No. That's really helpful. I appreciate that color. And then, obviously, a lot depends on omecamtiv, but I was just curious if you could provide a little more color on the gating factors about pushing reldesemtiv forward?

Sure. So the trial that we have laid out for reldesemtiv called COURAGE-ALS is one that has design features that enable it to be stopped or adapted to interim analyses. And as such, if we aren't seeing what we expect to see in that trial, then we could pull the plug or we can actually dial up some of the patient enrollment as well. That's for a study that we have fully costed and for which a significant percentage of the cost would be borne by our partner, Astellas, in exchange for a low single digit royalty. So we believe that this is a trial that is affordable. But at the same time, we recognize that our priorities need to be focused to omecamtiv and CK-274, especially as those will be more cost-intensive and also inform our cost of capital. So we want to have all of the information in place when we make a decision to start that trial. And in the meantime, we can be conducting start-up activities that would be enabling when we do start-up that trial that it is ending on relatively the same time frame. So we believe that this is prudent investment in the balanced way we're approaching our portfolio, recognizing priority number one is omecamtiv, priority number two is CK-274, priority number three is reldesemtiv. But we do expect that we should be advancing all three during the second half of the year.

Got it. Thanks a lot guys.

Thank you.

Our next question will come from Salim Syed with Mizuho. Please proceed.

Hi, Salim.

Hey, Robert. How are you doing?

Good.

Few for me, if I can, probably for maybe Fady or Stuart. On CK-274 guide, I noticed you mentioned similar to PK data, and You've Talked about substantial reductions in LVOT gradient. I'm just kind of curious, are you guys already where you want to be with Cohort 1? Or is this something where you think you'll need Cohort two here? Because you're already talking about running pivotals. So I'm just kind of curious how you're thinking about the data set, given you've already seen substantial reductions at four to six weeks? My second question is also in 274. The data that we'll be getting top line in the middle of the year, can you just perhaps describe to us what you plan on putting in the press release? Is it going to be more of a placeholder type press release? Or will we get any thing of substance here that investors can use? And then just an unrelated one on 136, my read is just -- it seems like you guys are a bit hesitant in moving this troponin activator forward. You want to do potentially other Phase I studies, and I'm kind of curious what you're seeing there? I would think with omecamtiv, where it is that you would want to perhaps move a troponin activator quicker in the pipeline?

Yes. So let me start, and then I'll turn it over to Fady and Stuart. I'm probably going to go in a reverse order of your questions. So with regard to CK-136, we're in the midst of these transition discussions with Amgen and we still need to assess that data and whether anything else might need to be done in accordance with further development in Phase I before committing to how we might do Phase II. And I suspect there are going to be other activities that will need to be done in order to be prepared for Phase 2. However, don't take that to mean that we're any less enthusiastic about its potential because that's not true.

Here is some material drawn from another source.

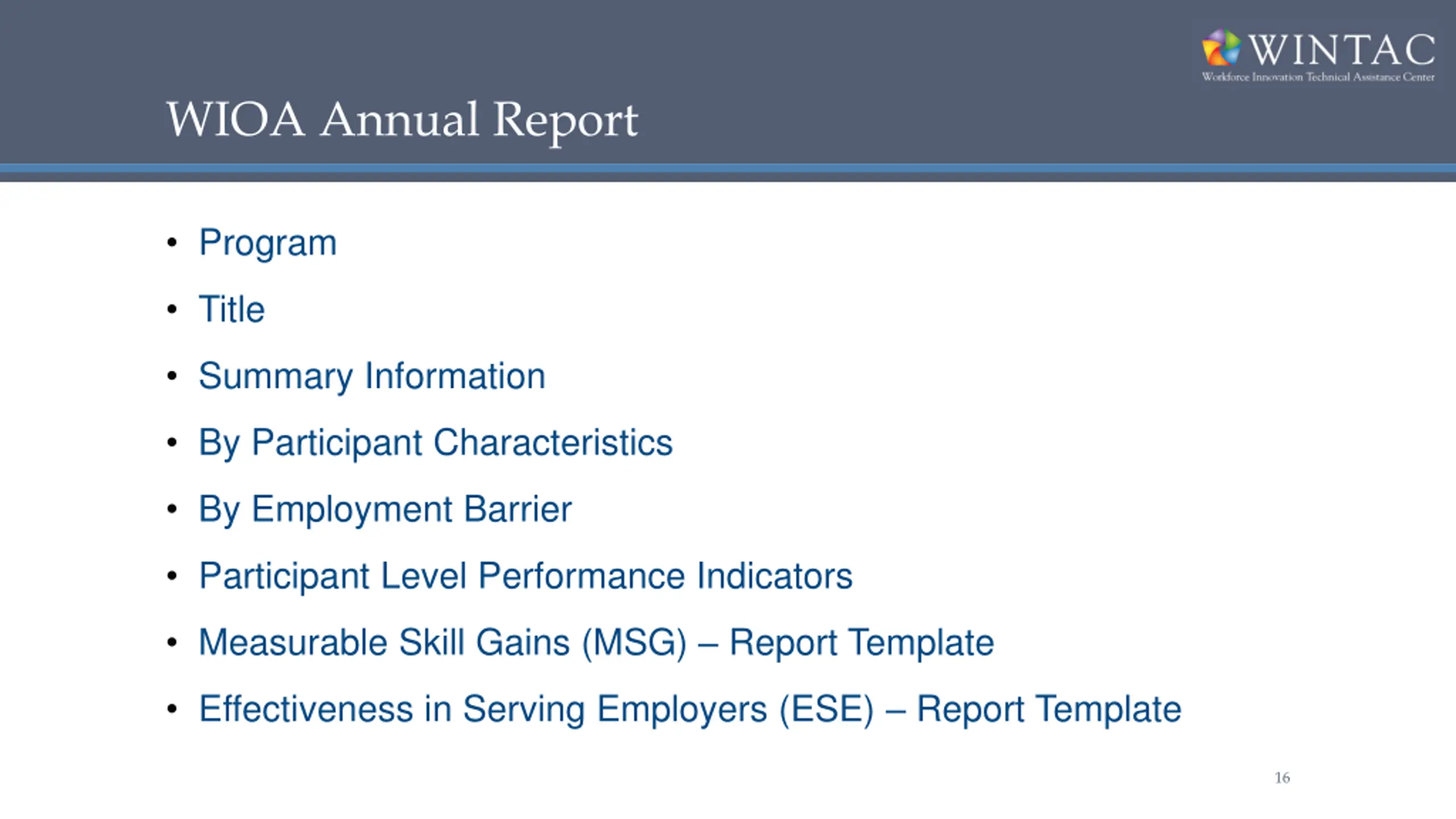WIOA Annual Report Program Title Summary Information By Participant Characteristics By Employment Barrier Participant Level Performance Indicators Measurable Skill Gains (MSG) Report Template Effectiveness in Serving Employers (ESE) Report Template 16

The fact of the matter is we have a bit of an embarrassment of riches in terms of our ability to fund and prioritize everything at the same time. And I do believe that we'll find a way to make happen a plan for CK-136, but in priority order relative to the other programs we've mentioned. Also with regard to how we will report results from REDWOOD when we do? It's hard to answer that question until we have the data, but expect it will be somewhere in between just simply a top line announcement, and that which would be reserved for the presentation itself, enough to be able to communicate will be the results in order to be able to set the table for what would be the presentation. It won't be in its full detail to jeopardize the presentation but enough so that it will hopefully inform us and shareholders about why that may be supportive of movement into Phase III and distinguishable as well from the first-generation product. And with that, I'll turn it over to Fady to answer your question about Cohort one and anything else he wants to add.

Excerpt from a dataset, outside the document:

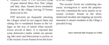 မကွေးတိုင်းဒေသကြီး၊ ရေစကြိုမြို့နယ်အတွင်း PDF အကြမ်းဖက်သမားများမှ ဒေသခံ ကျေးရွာ
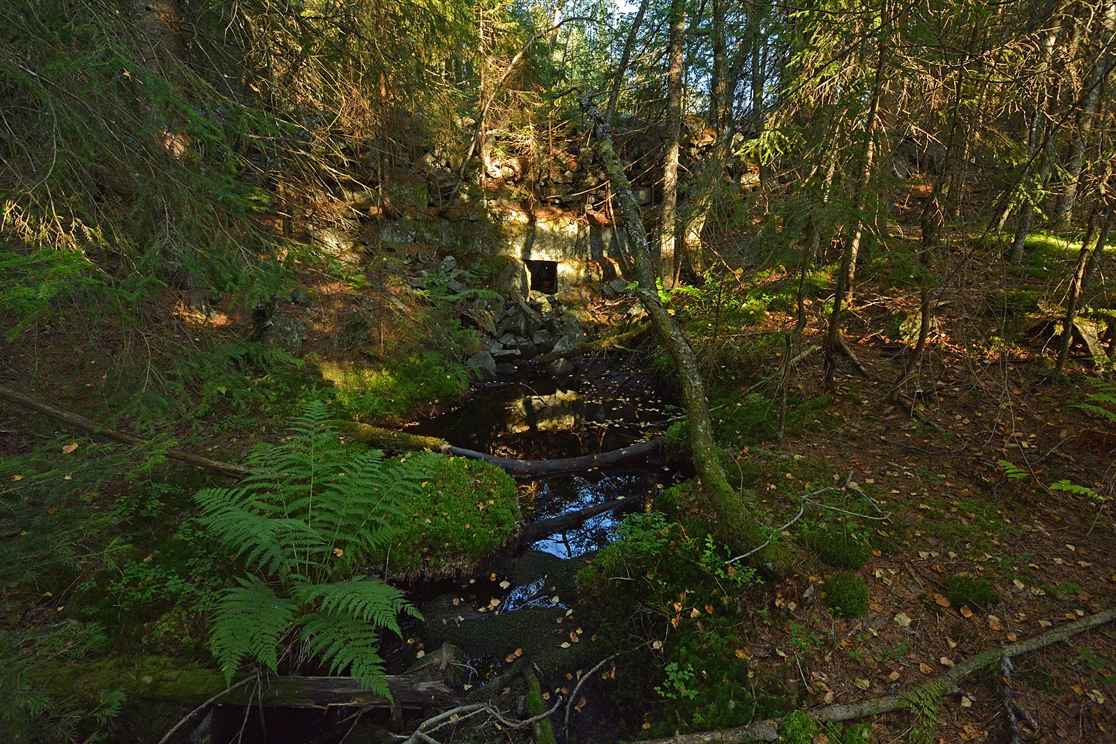 FLØTNINGSDAM: Følger du kanalen mot syd fra Vestre Otertjern inn i skogen, finner du de to steinrøysene på bildet, en på hver side av kanalen. Slike røyser er ganske typiske for laftedammer hvor tømmeret har råtnet ned. Inne i skogen er det også en rad med stokker som er slått ned i myra/skogbunnen som en fortsettelse av steinrøysene. Dette er rester av fløtningsdemningen som var starten på tømmerrenna ned til Slora, og den fortsatte i en utgravd renne videre nedover i skogen. Plasseringen av en demning på en høyde hvor vannet har naturlig avløp i motsatt retning, virker nokså ulogisk. Men en atthaldsdam av stein over avløpet i nord hevet vannstanden med tre meter, slik at Otertjernene gikk i ett. Jeg mener at vi fant spor etter denne på tilbakeveien da vi hadde besøkt kjentmannspost nr. 14 2008-10 i oktober 2008, men da var det kaldt, tett tåke og sludd/regn, og det ble ingen bilder der. Jeg mener også å huske at jeg fant deler av tømmerfagverket som bar tømmerrenna første gang jeg var i området for vel 40 år siden, men heller ikke da ble det tatt bilder.

Hi, Salim. I think the answer to your question is that both Cohort one and Cohort two [Technical Dificulty] final dose selection for Phase III. Cohort 1, clearly, it was very -- a set of very active doses, but not every single patient had a full treatment response. And so that is the rationale for exploring some higher doses in Cohort two increase the percentage of patients who meet the treatment response. And the combination of the two will inform both starting dose and the high dose we select. So I think the -- they're not -- they're on track in order to enable us to design and begin Phase III by the end of this year.

Okay. Thanks so much. I appreciate the color.

Thank you.

Your next question will come from Charles Duncan with Cantor Fitzgerald. Please proceed.

Hey, Charles.

Yeah. Thank you. Hey, Robert and team. Thanks for taking my questions. Lots of good one asked, but I'll give it a shot for a couple of others. First of all, regarding the upcoming FDA meeting in the next few weeks, I assume that you'll wait for the actual minutes? Or do you think that the questions that you're asking are not sufficiently, call it, complicated that you'll be able to talk about that even yet this quarter?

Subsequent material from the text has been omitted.